Three quick thoughts on the end of the road

  • This is a staightforward note about someone who spent an intense period of time cultivating a skill and was reaching the end of a culminating project to represent that time. It's an experience that I imagine a lot of us have, but in the midst of it we rarely have the presence of mind to document it - and to document it so well. 
  • In 2 weeks time, Peter Kooy will retire as the head teacher of De Spits Katholiek School just down the street from me in Utrecht - a role he has occupied for over 2 decades. This is noteworthy to me because my children attend De Spits, and "Meester Peter" was the first person we ever met at the school while we were in the midst of all the busy craziness of figuring out everything related to moving into a new neighborhood - including getting kids enrolled in schools. I am wary of the insistence that the jobs we do as professionals must take on the heavy weight of vocation, that there's some specific role that each of us was put on this Earth to do and we must find that specific thing. Unfortunately, I think educators get hit with that expectation quite often when the truth is that for a lot of educators, it's just a job. Which isn't to say that they won't do it to the best of their abilities, just that they don't need to make it the very center of their existence. But every so often you come across the person for whom the story is actually true, the teacher who seems to have an innate gift for connecting with and bringing the best out of young people. In Meester Peter's case, he had that specific innate gift (I mean, really, I can't know for sure how innate it was; I only got to see the outcome after literal decades of cultivating his craft) as well as the ability to steward the soul of a valued community institution. That sustained dedication to the children of our neighborhood carried out with little fanfare over a long period brings to mind Bishop Myriel in Victor Hugo's Les Miserables. I wish Meester Peter nothing but the best in his retirement, but I know that we will miss him. 

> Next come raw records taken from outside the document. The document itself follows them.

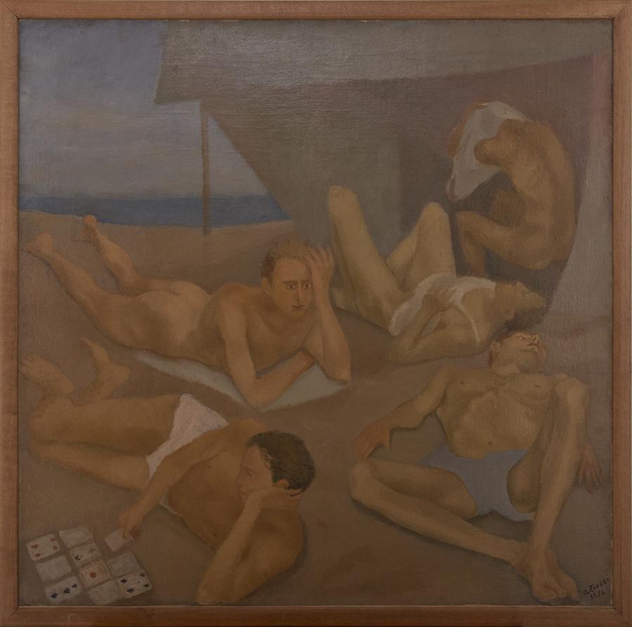 Alberto Ziveri fu uno dei rappresentanti della cosiddetta “Scuola Romana”, autore di paesaggi urbani e di scene di realismo narrativo come questo gruppo di giovani atleti-bagnanti colti nell’attimo del riposo sui galleggianti del Tevere.
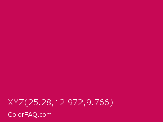 XYZ 25.28,12.972,9.766 Color is a normal rose color and the nearest color is Pictorial Carmine #c30b4e. Hex code #c70855 and RGB value is rgb(199,8,85). In RGB color space, this color is composed of 78% red, 3% green, 33% blue, In CMYK color space, this color is composed of 0% cyan, 96% magenta, 57% yellow , 22% black , In HSL color space, this color has a hue angle of 336° , 92% saturation and 41% lightness.
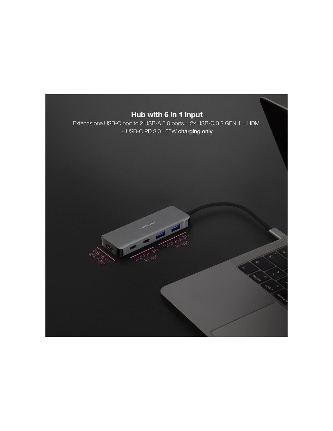 - Hub USB-C 3.2 GEN1 macho en un extremo y 2 puertos USB 3.0 tipo A hembra, 3 puertos USB 3.0 tipo C hembra, 1 puerto HDMI hembra en el otro
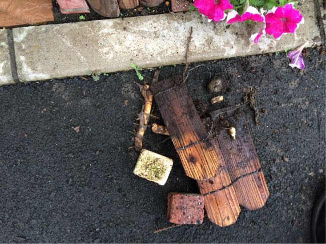 せっかく作った花壇を掘り返して行ったらかなりゴツい根っこがあるし…。
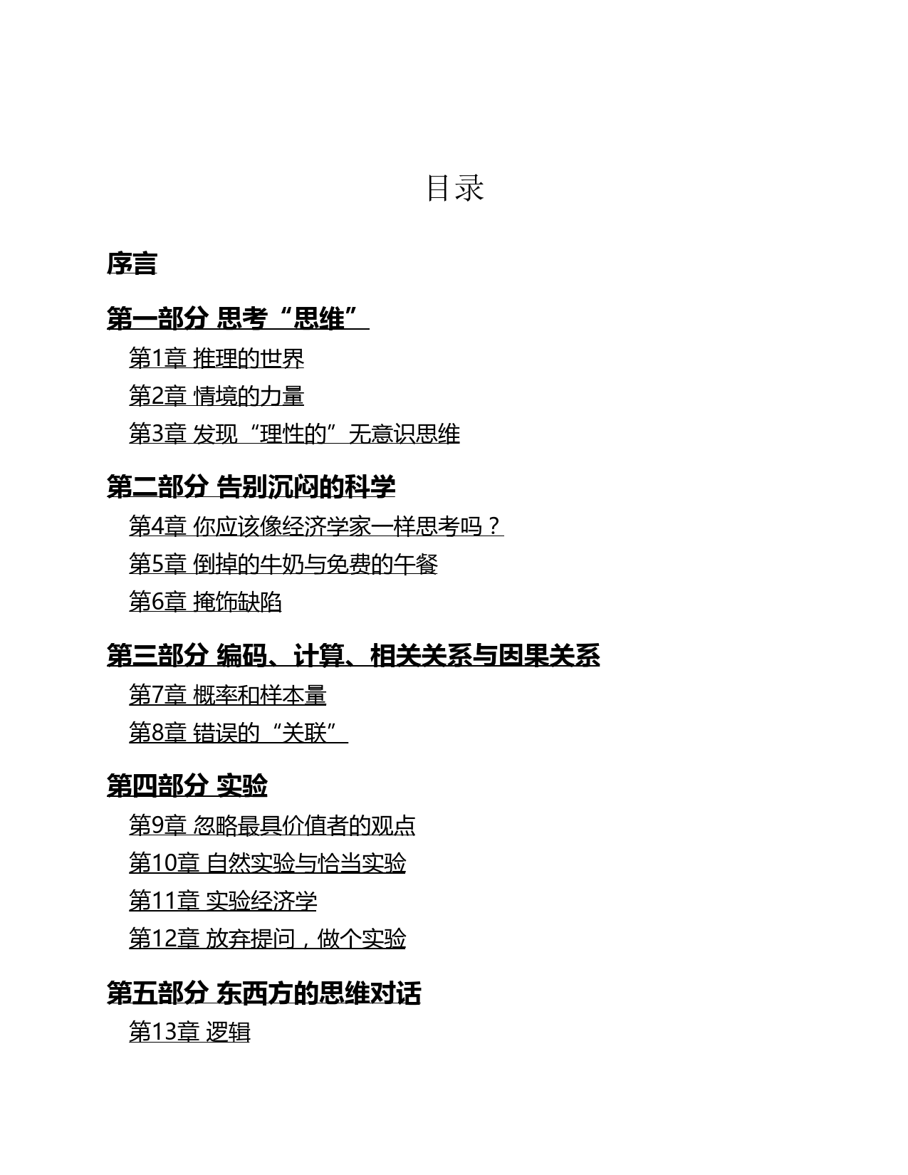 逻辑思维[美]理查德·尼斯贝特著张媚译中信出版社目录序言第一部分思考“思维”第1章推理的世界第2章情境的力量第3章发现“理性的”无意识思维第二部分告别沉闷的科学第4章你应该像经济学家一样思考吗?第5章倒掉的牛奶与免费的午餐第6章掩饰缺陷第三部分编码、计算、相关关系与因果关系第7章概率和样本量第8章错误的“关联”第四部分实验第9章忽略最具价值者的观点第10章自然实验与恰当实验第11章实验经济学第12章放弃提问,做个实验第五部分东西方的思维对话第13章逻辑第14章辩证推理第六部分认识这个世界第15章大道至简第16章真实,真实总结常人科学家的工具箱致谢版权页序言科学的逻辑即商业和生活的逻辑。——约翰·穆勒早些年,如果要涉足调查研究领域,几乎每个进了顶尖大学的学生都需要掌握一些三角学;而...
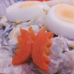 Все что нам понадобиться для этого украшения - одна морковь. Нарезать тонкий ломтик от морковки, поделить на 2 части фигурным ножом, можно без него. От края сделать надрез. Как на картинке. Чтобы это не было просто украшением, а вкусно было бы и есть, положите их до оформления в воду с лимоном. Так они не завянут и будут вкуснее.
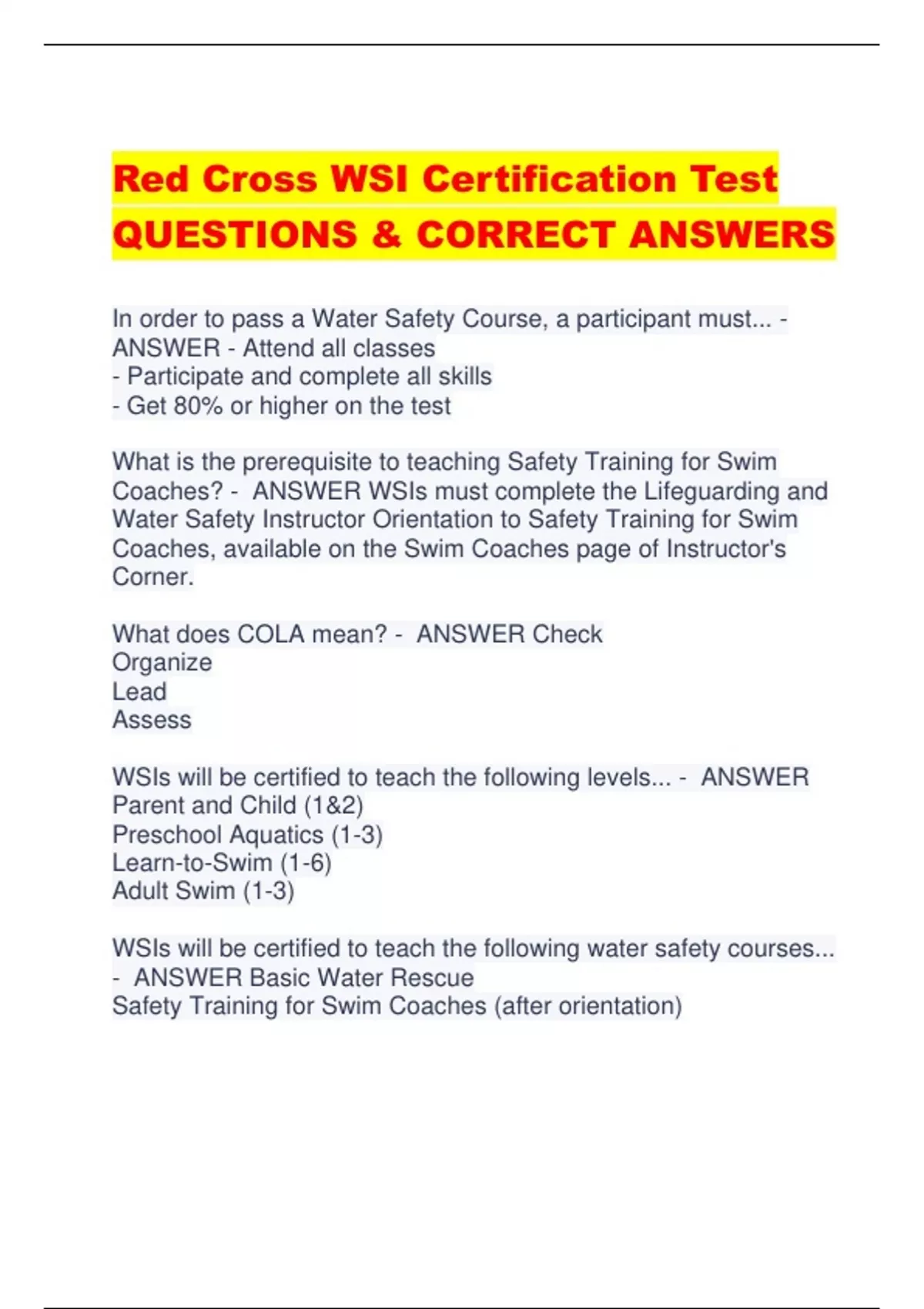 Red Cross WSI Certification Test QUESTIONS & CORRECT ANSWERS In order to pass a Water Safety Course, a participant must... - ANSWER - Attend all classes - Participate and complete all skills - Get 80% or higher on the test What is the prerequisite to teaching Safety Training for Swim Coaches? - ANSWER WSIs must complete the Lifeguarding and Water Safety Instructor Orientation to Safety Training for Swim Coaches, available on the Swim Coaches page of Instructor's Corner. What does COLA mean? - ANSWER Check Organize Lead Assess WSIs will be certified to teach the following levels... - ANSWER Parent and Child (1&2) Preschool Aquatics (1-3) Learn-to-Swim (1-6) Adult Swim (1-3) WSIs will be certified to teach the following water safety courses... - ANSWER Basic Water Rescue Safety Training for Swim Coaches (after orientation) WSIs will be certified to teach the following presentations... - ANSWER Longfellow WHALE tales (goal is to teach children safe behavior) Sun safety Parent orientation to swim course What is the difference between a block plan and a lesson plan? - ANSWER A block plan is an organization of the entire class. A lesson plan is one detailed day from the block plan. Red Cross recommends teaching from the lesson plan. What does the Water Safety Instructor's Manual (WSIM) do? - ANSWER It teaches WSIs how to plan and conduct classes. What does the Swimming and Water Safety Manual do? - ANSWER WSIs should use it for general reference. What is the Swimming and Diving Skills DVD used for? - ANSWER Demonstration What is the Teaching Swimming and Watery Safety DVD used for? - ANSWER Only by the teacher as reference material, NOT students. What do you need to report to the Red Cross after teaching ARC courses? - ANSWER The course Number of participants Submit names if you give certificates
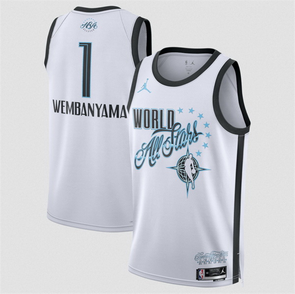 - Men 2026 All Star 1 Victor Wembanyama White Stitched Basketball Jersey
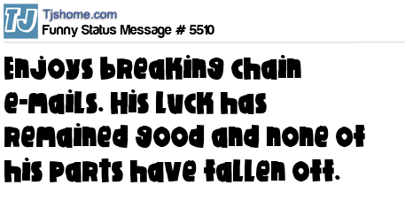 X enjoys breaking chain e-mails. His luck has remained good and none of his parts have fallen off.
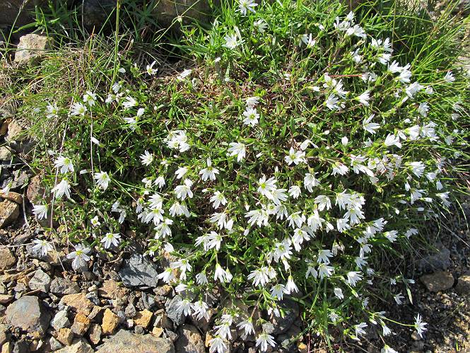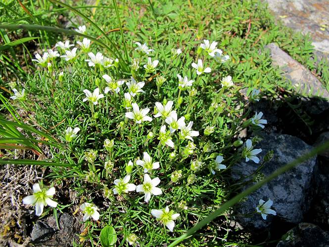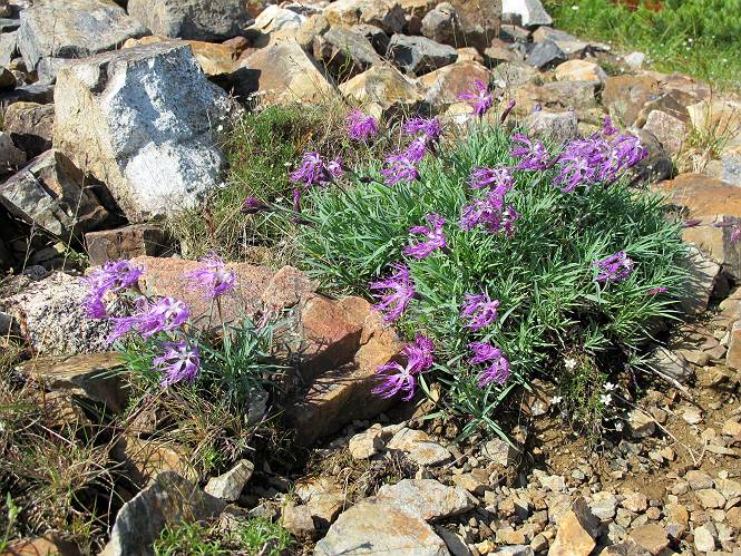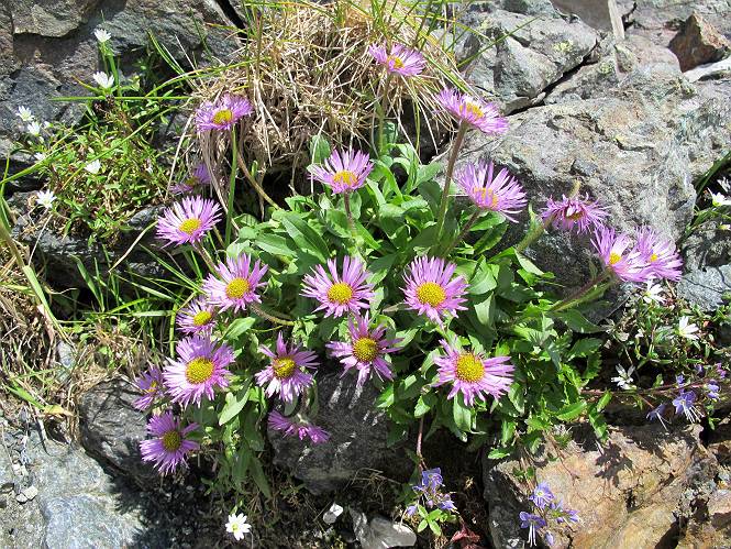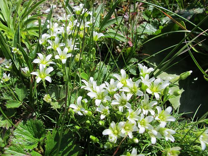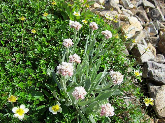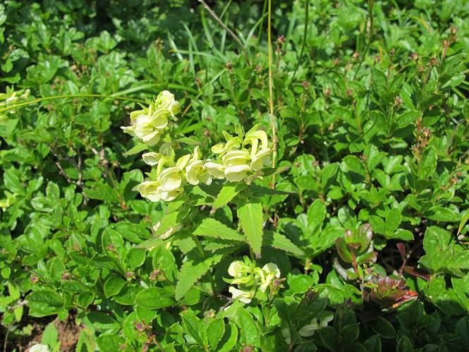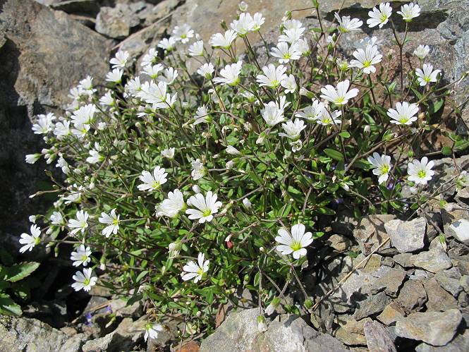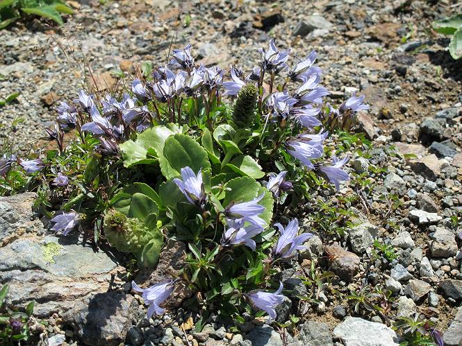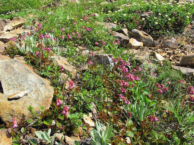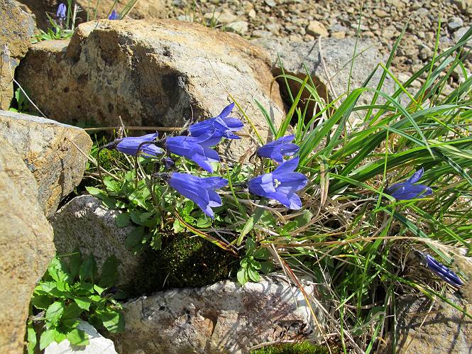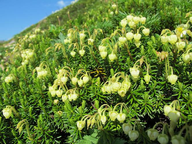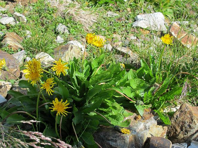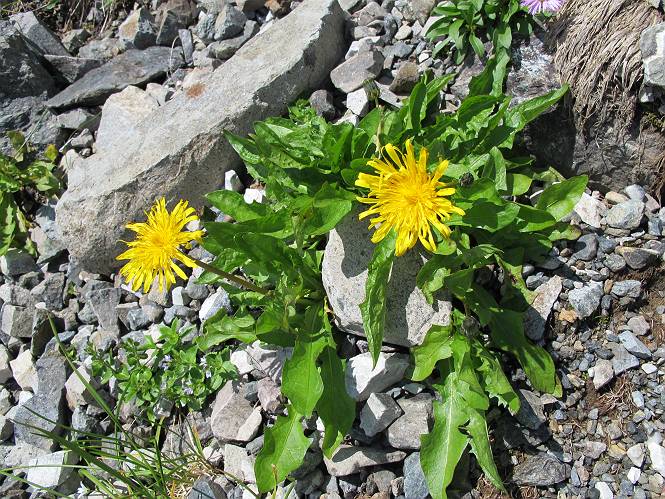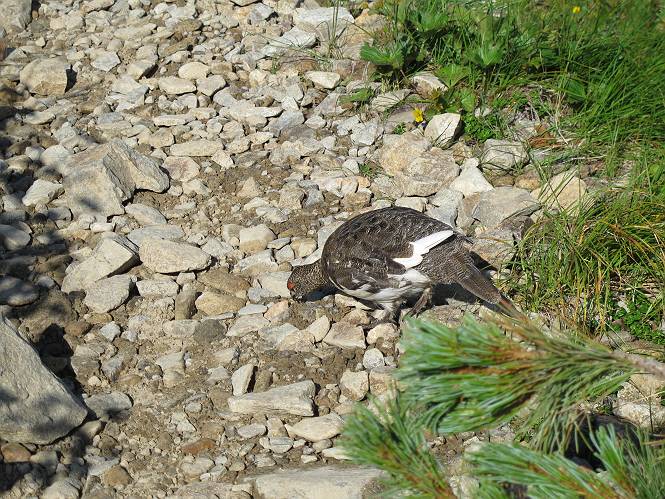 2.白馬大池⇒白馬岳 3.白馬岳⇒雪倉避難小屋 4.雪倉避難小屋⇒朝日岳 5.朝日岳⇒蓮華温泉 TOPへ戻る 白馬大池のパラダイスを後に、白馬岳に向かう。すでに一帯は森林限界を越えており、眺望を遮るものはない。遮るとすれば、足元の斜面だけである。振り向いては白馬大池を眺め、目指す小蓮華山、白馬岳を稜線上に見て進む。2500m超の稜線歩きの醍醐味を味わえる。呼吸が乱れるようなら立ち止まって足元の花に、遠い雲に語りかける。決してラクではないが、山並と花々が力を与えてくれるだろう、7:43船越ノ頭。 白馬大池を振り返り 稜線上の小蓮華山を追う 小蓮華山〜朝日岳 画像クリック拡大 【ヒメコゴメグサ】 背景は雪倉岳と朝日岳 徐々に高度を上げ、緑に囲まれた白馬大池が神秘性を帯びてくる ふと、足元に餌を啄ばむ雷鳥(♂)の姿 距離をおいて後につく、ハイマツの茂みに入りかけたりしながら15mほど歩く 下って来た女性に静かにタッチしその場を離れる 大分上ってきたぞ、雪倉岳、朝日岳 白馬大池 小さいアップダウンを繰り返す稜線、先端が小蓮華山 点々と向かう人、下る人 鹿島槍ヶ岳、唐松岳、鑓ケ岳が視界に入る 鑓ケ岳と杓子岳、剱岳もチョコンと飛び出す 船越ノ頭2612m 足元にミヤマダイコンソウ 船越ノ頭から小蓮華山、中間にもう一つピークがありそうだ 小蓮華山へまた1歩近づいた 鞍部から振り返る、船越ノ頭に5,6人 ガレ場を登る 船越ノ頭を下って鞍部へ、丁度下りのラッシュかな、いっぱい、どの顔も満足そうに見えた。これが昼過ぎると、特に登りの人は力の入った様相に変る、まれには悲壮感に満ちてくる。一声かけてやりたいが、口を閉ざして首を下げるだけ、午前中の顔は皆良い顔だ。小蓮華山山頂を目前にして、横にちょっと寄って立ち止まっていたら、本日2度目の雷鳥の姿、隣に居合せた方が「カワイイ・・・」、見ると雷鳥の子、今年のヒナだ、チョコチョコ歩き回る、その姿は・・・・。親鳥は「グー、グー・・・」鳴いて躾けているようだった。次の瞬間、親鳥のとまっている岩の横にチョコンと上って並んだ。その親子の目線が生息圏の白馬三山を見入っているようで、当山行の印象に残る一コマであった、8:42小蓮華山着。 行き交う人大勢 狭い道は譲り合い、総勢22人の団体さんのようです 【タカネヤハズハハコ】 【タカネナデシコ】 【ヤハズヒゴタイ】 【イブキジャコウソウ】 画像クリック拡大 【ホソバツメクサ】 【チシマギキョウ】 【ミヤマアズマギク】 【ミヤマタンポポ】 【ウサギギク】 【エゾシオガマ】 【イワカガミ】 【アオノツガザクラ】 ガレた道も少々あり 白馬三山、左が鑓ケ岳&杓子岳、右が白馬岳 【チングルマ】 背景は鑓ケ岳と白馬岳 【ハクサンイチゲ】 背景は鑓ケ岳と白馬岳 「グーグー・・・、こっちへ来なさい」 「なーに、お母さん」 「良ーく、見ておくんだよ、・・・・・」 「わかったよ、私達の棲みかは美しくて雄大だね、・・・・」、といった感じかな 【ハクサンフウロ】 【ミヤマアキノキリンソウ】 【コバイケイソウ】 【コバイケイソウとオンタデ】 【ミヤマダイモンジソウ】 小蓮華山山頂直下 賑わう小蓮華山山頂 小蓮華山山頂からの眺望、白馬大池から小蓮華山の稜線、背景は頚城山塊 画像クリック拡大 同、鹿島槍ヶ岳〜朝日岳 画像クリック拡大 同、鹿島槍ヶ岳、白馬三山 同、くつろぐハイカー 同、白馬岳 同、鑓ケ岳&杓子岳 同、鉢ケ岳 同、雪倉岳、朝日岳 小蓮華山の山頂部は亀裂が入り、ロープが張られたままになっているが、進んでいるようには見えなかった。南側に面した急斜面はいつ崩落するかわからないとか。賑わう山頂を後にガレた斜面を下り、細かい砂礫の道に変る。見渡す山並を楽しみながら進むと間もなく雪倉岳方面の分岐点、三国境に出る、9:26。 白馬岳に向かって@ 白馬岳に向かってA 白馬岳に向かってB 【ヨツバシオガマ】 アップダウンを2度繰り返し、小蓮華山を振り返る 白馬岳山頂部が見えてきた 雪倉岳、朝日岳も近づいてきた様子 雪倉岳、朝日岳の分岐点、三国境 分岐点にザックをデポして白馬岳に向かう。岩場は花盛り、チシマギキョウ、クモマミミナグサ、ミヤマクワガタ、ミヤマタンポポ、ミヤマアズマギクなどなど楽しませてくれる。山頂直下のピークを乗り越えると、いよいよクライマックス、当HPのTOPページの撮影点の到着する。夏のバージョンに張り替えようとしたが、どうも代えることに抵抗を感じ、開設以来の写真を使用している。また、この小蓮華山〜白馬岳の画像をNHKドラマ『坂の上の雲』で使用したとか、どこやらのジオ○○のHPの中でも北側から見た白馬岳山頂を載せていた。どうも、つまらないことを書いてしまいました、10:08着。 【チシマギキョウ】 【クモマミミナグサ】 【ミヤマクワガタ】 【ミヤマアズマギク】 【ミヤマタンポポ】 【タカネシオガマ】 【シナノキンバイ】 【ハクサンイチゲ】 【イワカガミ】 白馬岳直下から小蓮華山を振り返る 白

  • A month ago, I read this outstanding essay by the tech writer Om Malik. His interpretation of the story of Pinocchio - not the Disney version, but the original book series - and its relevance to our present moment in the way that so many of our social institutions seem setup to prey on the vulnerable and advocate empty forms of value - really struck me and I bookmarked it to share at some point. A couple weeks ago, I heard that Om had passed away. He was a voice I had paid some attention to at a distance, but I knew lots of people who knew him personally, and the sincerity of their grief and the fondness of their recollections of him as a person moved me. So, I'm sharing the essay. It's one of the last things he wrote and a worthy indication of the legacy he'll leave behind.

That's all for now...there are plenty of ideas swirling around in my head, but we'll save them for another time.